Bir
yolcu uçağı dışarıdan bakıldığında hiçbir ciddi sebep olmaksızın düştü ve içindeki yolcuların ve uçuş ekibinin hepsi öldü.
Dışarıdan bakıldığında hiçbir ciddi sebep görünmüyor. Çünkü, son bilgiler uçağın inişe geçtiği ve pisti gördüğü sırada radardan kaybolduğunu söylüyor.
Olay yerinde incelemelerde bulunan
Isparta Valisi'nin açıklamaları da şüphe uyandırıcı. Vali Ş e m s e t i n Uzun diyor ki, "O
bölge uçağın geçiş noktası değil,
uçak o noktaya nasıl düştü anlamak mümkün değil"
Şimdi... Bu tür
şüpheli durumlarda uçakta kimler vardı, acaba bir
sabotaj söz konusu mu gibi soruları sormak ve şüpheler üzerinde yoğunlaşmak gerekir. Ta ki, gerçek ortaya çıkana kadar!
Peki uçakta kimler vardı?
Uçakta bazı bilimadamları ve diğer sade vatandaşlarımız vardı.

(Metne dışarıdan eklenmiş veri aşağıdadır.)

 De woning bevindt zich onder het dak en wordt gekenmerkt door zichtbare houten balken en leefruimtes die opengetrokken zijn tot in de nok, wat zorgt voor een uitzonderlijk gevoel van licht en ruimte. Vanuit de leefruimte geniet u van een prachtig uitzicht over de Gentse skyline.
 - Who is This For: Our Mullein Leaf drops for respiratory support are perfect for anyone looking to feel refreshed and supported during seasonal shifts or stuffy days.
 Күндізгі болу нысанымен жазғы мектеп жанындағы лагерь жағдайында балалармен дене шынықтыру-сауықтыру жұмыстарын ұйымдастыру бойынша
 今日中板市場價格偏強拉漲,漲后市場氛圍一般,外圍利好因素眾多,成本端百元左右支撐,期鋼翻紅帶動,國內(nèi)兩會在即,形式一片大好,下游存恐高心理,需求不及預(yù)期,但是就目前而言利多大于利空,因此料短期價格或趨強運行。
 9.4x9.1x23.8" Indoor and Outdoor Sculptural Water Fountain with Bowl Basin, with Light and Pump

Bilimadamları Isparta'daki bir bilimsel konferansa gidiyorlardı.
Boğaziçi Üniversitesi Öğretim üyesi Prof. Dr. Engin Arık da uçaktaydı. Prof. Arık
Türkiye'de
toryum rezervleri üzerinde yaptığı çarpıcı çalışmalar ve açıklamalarla biliniyordu. Ve tabii ki Engin Arık Toryum rezervlerimizin Türkiye'nin enerji bağımsızlığını sağlayabileceğini ileri sürüyordu. Ve kurulması düşünülen
nükleer santrallerin toryumlu nükleer santral olması gerektiğini ifade ediyordu!
Nükleer santral sahibi olmanın eşiğinde olan Türkiye için oldukça dikkat
çekici bir
tartışma konusu...
Nükleer santral yapımında
uranyum yerine toryum kullanılabiliyor.
Ve toryum için 21. yüzyılın en stratejik maddesi gözüyle bakılıyor.

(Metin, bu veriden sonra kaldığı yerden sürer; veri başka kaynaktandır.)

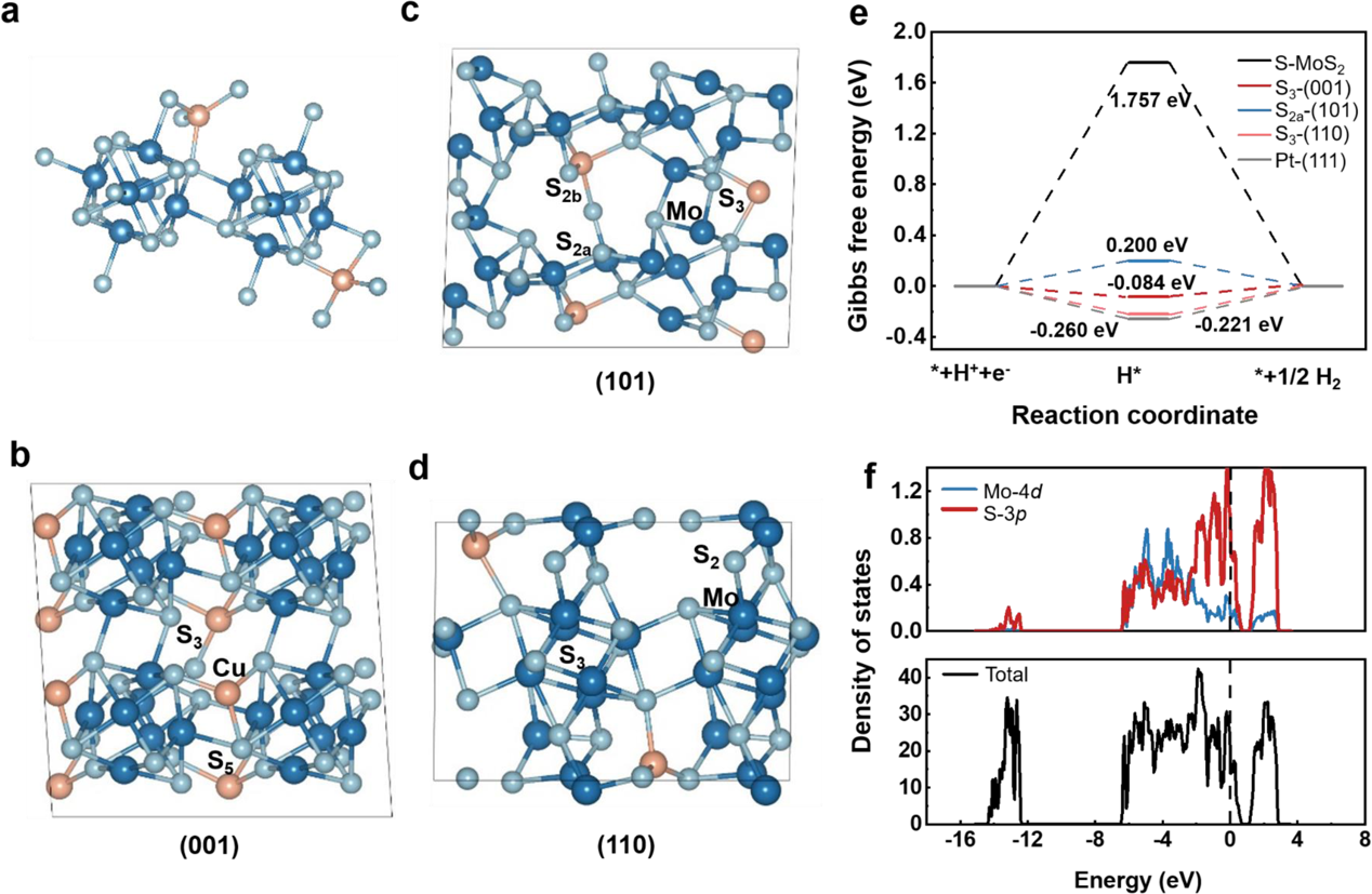 微米划痕测试结果表明,同源金属电极的界面结合力相比于传统粘结剂负载的Pt/C电极提高了2倍,证实了催化剂与基底界面的结合力强。由于同源金属电极表现出金属性质和高表面粗糙度,其展现出Wenzel state的超亲水和超疏气特性。原位气泡观察发现电极表面气泡的脱附速率提高6倍,气泡粘附力减小二分之一,从而证实了同源金属电极在传质方面的优越性。另一方面,研究人员通过密度泛函理论(DFT)计算发现,Cu-CuMo6S8具有金属性和高的催化活性。CuMo6S8的Mo 4d与S 3p轨道占据费米能级附近,展现出金属性质,有效提高了界面电导。

Türkiye de bu maden bakımından oldukça zengin. Ülkemiz toryum açısından dünyada ikinci büyük rezerve sahip
ülke.
Ülkesinde hiç toryum rezervi olmayan
Japonya gibi ülkeler bile toryumlu
nükleer enerji santralleri yapımına yönelik çalışmalar yaparken Türkiye bu konuda da çağın gerisinde kalmayı sürdürüyor.

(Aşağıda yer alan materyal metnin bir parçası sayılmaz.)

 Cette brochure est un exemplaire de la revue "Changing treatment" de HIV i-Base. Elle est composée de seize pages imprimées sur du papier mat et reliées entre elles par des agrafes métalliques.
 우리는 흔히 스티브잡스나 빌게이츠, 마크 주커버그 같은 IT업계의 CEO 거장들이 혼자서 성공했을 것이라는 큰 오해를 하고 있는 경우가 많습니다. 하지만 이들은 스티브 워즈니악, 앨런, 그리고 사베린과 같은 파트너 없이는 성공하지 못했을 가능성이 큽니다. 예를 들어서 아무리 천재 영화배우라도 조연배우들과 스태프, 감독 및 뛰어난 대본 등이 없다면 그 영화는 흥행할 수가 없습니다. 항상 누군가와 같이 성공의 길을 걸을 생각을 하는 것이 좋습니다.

Rahmetli Prof. Dr. Engin Arık'a göre Türkiye'de toryum kullanıma sokulabilirse petrol ve doğalgaza ihtiyaç kalmayacağını savunuyordu. Engin Arık Türkiye'nin sayılı toryum uzmanlarından biriydi ve hep "Servetin üstünde oturuyoruz da haberimiz yok.
Türkiye'nin sahip olduğu toryum rezervi 120 trilyon dolarlık petrole eşdeğer" derdi.
Ankara Tai'de F-16 uçaklarının yazılımlarını gerçekleştiren mühendislerin arka arkaya
intihar etmeleri, daha doğrusu 'sır' ölümleri böylesi olaylarda akla bu tür şüpleri getiriyor.
Bu sebeple, özellikle herhangi bir alanda Türkiye'ye
bağımsızlık kazandıracak proje sahibi bilimadamlarının da içinde bulunduğu "kazalar" hakkında en azından olayın sonucu kesinleşene kadar şüpheci davranmak gerektiğini düşünenlerdenim. Bu şüphecilik bize bir şey kaybettirmez, aksine kazandırır.
Kazada yakınlarını kaybeden herkesin başı sağolsun.